Alimony awards are less likely in a short-term marriage, or where both parties have relatively equal incomes and earning capacities.  If alimony is awarded in the context of a short-term or medium-term marriage, it is more likely to be time-limited.  If the payor spouse has a large and long-term child support payment to meet, an award of alimony to the payee spouse while child support is being paid is less likely.  

Chapter 208: Section 34 of the Massachusetts States is the authority for awarding alimony in a Massachusetts divorce case. This section of the Code is reproduced  below:

Section 34. Upon divorce or upon a complaint in an action brought at any time after a divorce, whether such a divorce has been adjudged in this commonwealth or another jurisdiction, the court of the commonwealth, provided there is personal jurisdiction over both parties, may make a judgment for either of the parties to pay alimony to the other.

In addition to or in lieu of a judgment to pay alimony, the court may assign to either husband or wife all or any part of the estate of the other, including but not limited to, all vested and nonvested benefits, rights and funds accrued during the marriage and which shall include, but not be limited to, retirement benefits, military retirement benefits if qualified under and to the extent provided by federal law, pension, profit-sharing, annuity, deferred compensation and insurance. In determining the amount of alimony, if any, to be paid, or in fixing the nature and value of the property, if any, to be so assigned, the court, after hearing the witnesses, if any, of each party:


  • shall consider the length of the marriage,
  • the conduct of the parties during the marriage,
  • the age, health, station, occupation, amount and sources of income,
    vocational skills, employability,
  • estate, liabilities and needs of each of the parties
  • and the opportunity of each for future acquisition of capital assets and income.
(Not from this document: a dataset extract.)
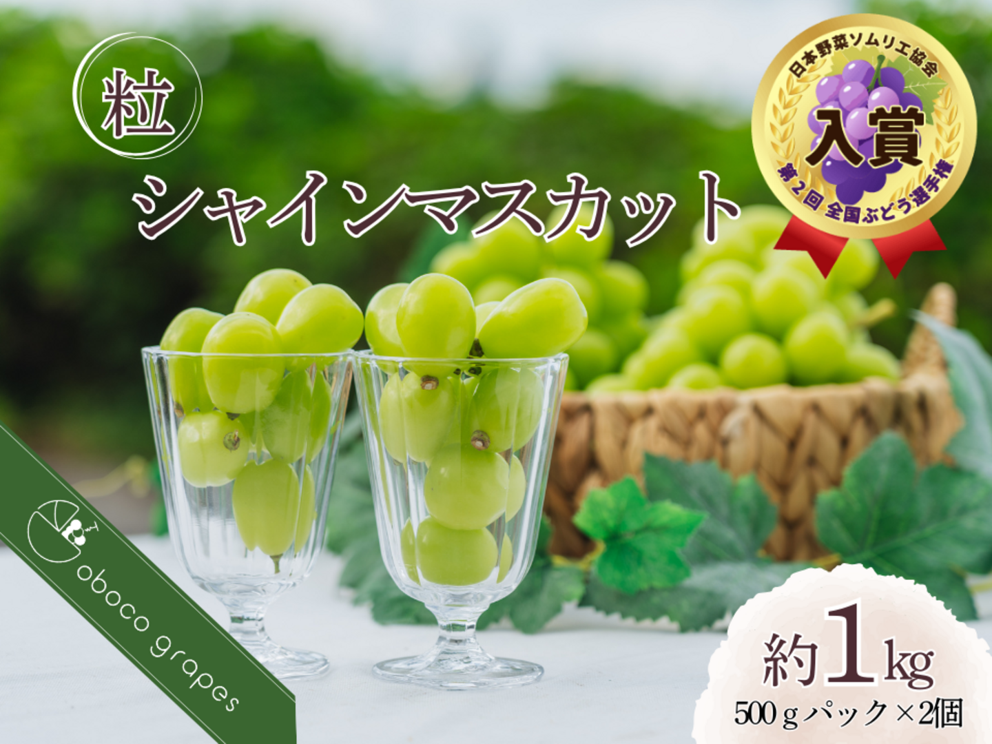 【粒売り】香り華やか贅沢『シャインマスカット』(2パック・合計約1kg)

In fixing the nature and value of the property to be so assigned, the court shall also consider the present and future needs of the dependent children of the marriage.

The court may also consider the contribution of each of the parties in the acquisition, preservation or appreciation in value of their respective estates and the contribution of each of the parties as a homemaker to the family unit.

When the court makes an order for alimony on behalf of a spouse, said court shall determine whether the obligor under such order has health insurance or other health coverage available to him through an employer or organization or has health insurance or other health coverage available to him at reasonable cost that may be extended to cover the spouse for whom support is ordered. When said court has determined that the obligor has such insurance or coverage available to him, said court shall include in the support order a requirement that the obligor do one of the following: exercise the option of additional coverage in favor of the spouse, obtain coverage for the spouse, or reimburse the spouse for the cost of health insurance. In no event shall the order for alimony be reduced as a result of the obligor's cost for health insurance coverage for the spouse.